Jetzt paßt die Verteilung.   

Beim Anschluß zum Austrittsflansch keinen Bogen, sondern ein 100er T-Stück setzen, dann hast du das Überlaufrohr auch schon fertig.   
Verstanden?


Gruß Rainer


----------



## Teichforum.info (25. Apr. 2006)

Hallo Rainer!

Ok, kein Bogen dafür T-Stück.  

Danke und

Gruß, Mauri


----------



## Teichforum.info (26. Apr. 2006)

Hallo Mauri,

beobachte deinen Bau auch schon die ganze Zeit. Bin ebenfalls gerade dabei einen zu bauen. Ich mach es allerdings komplett aus HT Rohr. Ich bekomme 45 Kerzen hinein, musste jedoch meinen Abgang an eine Seite und nicht in die Mitte legen. Werde auch mal ein paar Fotos schießen und einstellen.

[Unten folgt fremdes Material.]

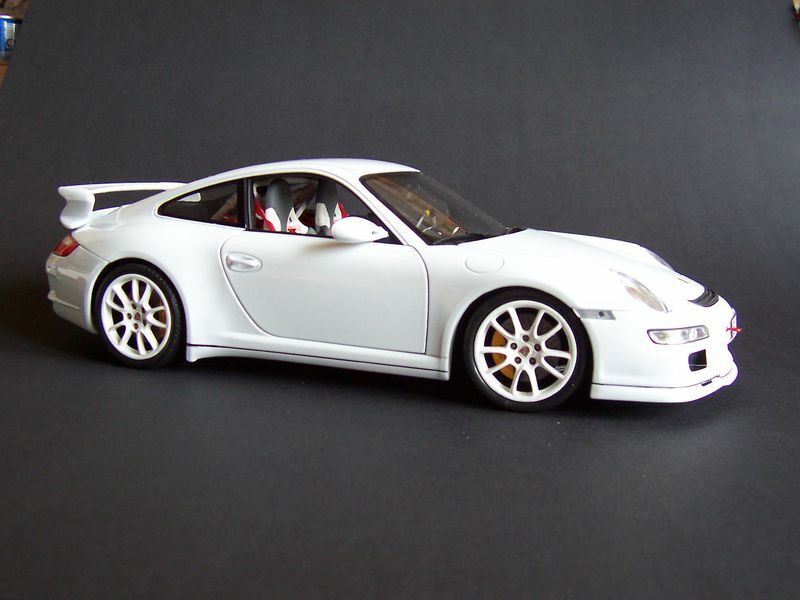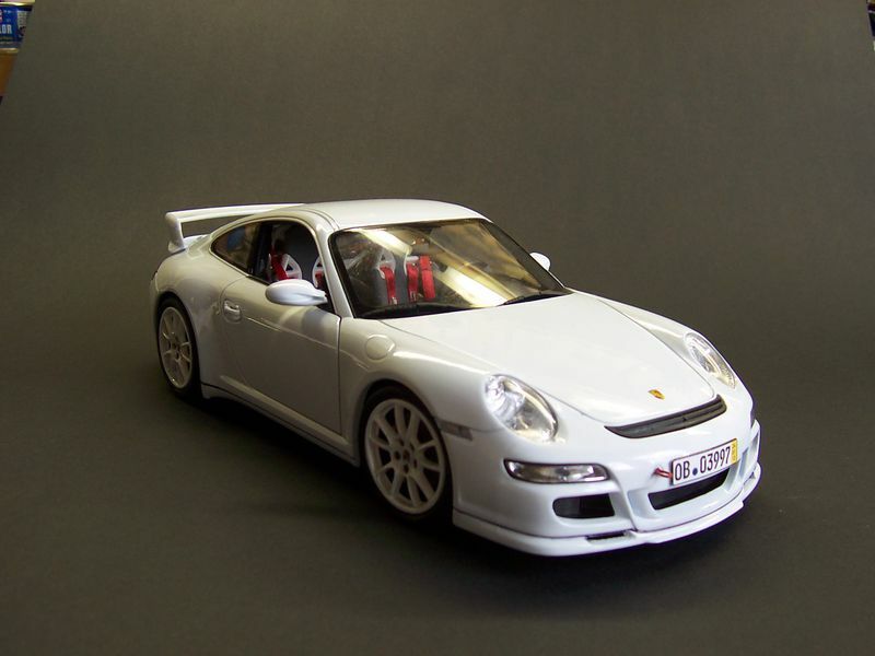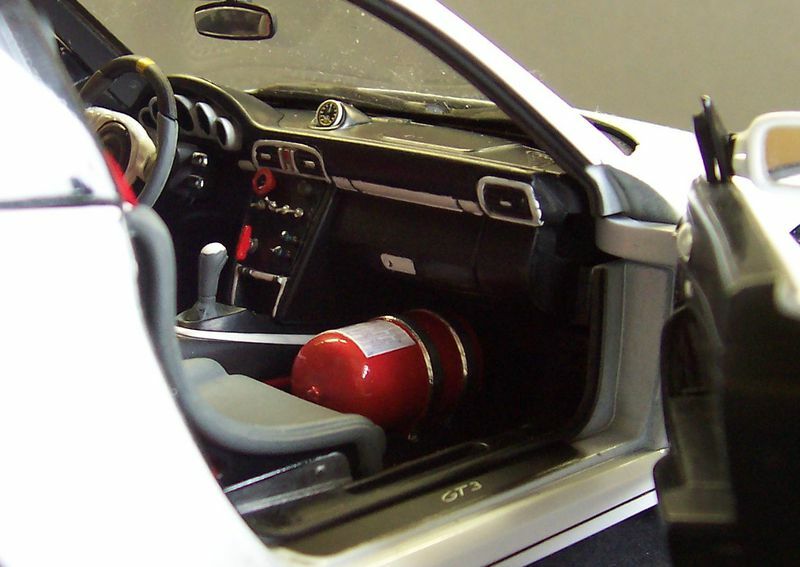 Der Welly 997 GT3 wurde von mir auf GT3CS umgebaut. Im einzelnen wurde verändert: Ü-Bügel weiss, Sitze mit Schlitzen für rote 6-Punkt-Gurte, 3-Punkt-Gurte in rot, Innenraum beflockt, Mittelkonsole mit Schaltern Notaus etc., Löschanlage, Felgen weiss lackiert, Bremsscheiben gelocht, Fzg. tiefergelegt und und und.....

Viel Spass weiterhin beim bauen.


----------



## Teichforum.info (28. Apr. 2006)

Heiliges Posaunenrohr! Ist das eine übele Angelegenheit mit dem PVC verkleben. Auch wenn man es draußen verarbeitet stinkt es wie die Hölle.

Aber ich hoffe das dass alles mal ein ende nimmt! Was ich aber zum Glück nicht glaube, sonst hätte ich nähmlich nichts mehr zu tun.  

Gruß Mauri


----------



## Teichforum.info (1. Mai 2006)

Hallo Leute!

Heute habe ich den Filterschacht gegraben, ........... 5m³ Erde  .
*
Das ist ein Freund von mir!*  




*Germans Next Bau Model* 8) 




*ICH, HÖCHST PERSÖHNLICH*    *Leider hat es nur geregnet*  








*LxBxT 2,40x1,00x1,00*





Gruß Mauri


----------



## Teichforum.info (2. Mai 2006)

*Ich habe alles nochmal überarbeitet!
LxBxT 2,65x1,20x1,40*









*Insgesamt habe ich in zwei Tagen 6,1m³*  *Erde da rausgehollt.*





*Werde jetzt doch eine Bodenplatte und Wände aus Beton machen.*


----------



## Teichforum.info (11. Mai 2006)




----------



## Teichforum.info (11. Mai 2006)

schaut sehr massiv aus  bin schon mächtig gespannt wie's weiter geht


----------



## Teichforum.info (7. Juni 2006)

Hi Leute!

Habe heute ausgeschalt.


----------



## Teichforum.info (7. Juni 2006)

nur mal so ne Frage Maurizio: 

Wo sind die Durchführungslöcher? 

ich seh da irgendwie keine.   


Gruß Rainer


----------



## Teichforum.info (7. Juni 2006)

Hi Rainer!

Ich habe noch keine gemacht.  

Unser interner Heizungsbauer macht mir Kernbohrungen. 

Wollte erst mal die Rohre legen.


----------



## Teichforum.info (7. Juni 2006)

ah, na dann is gut.


----------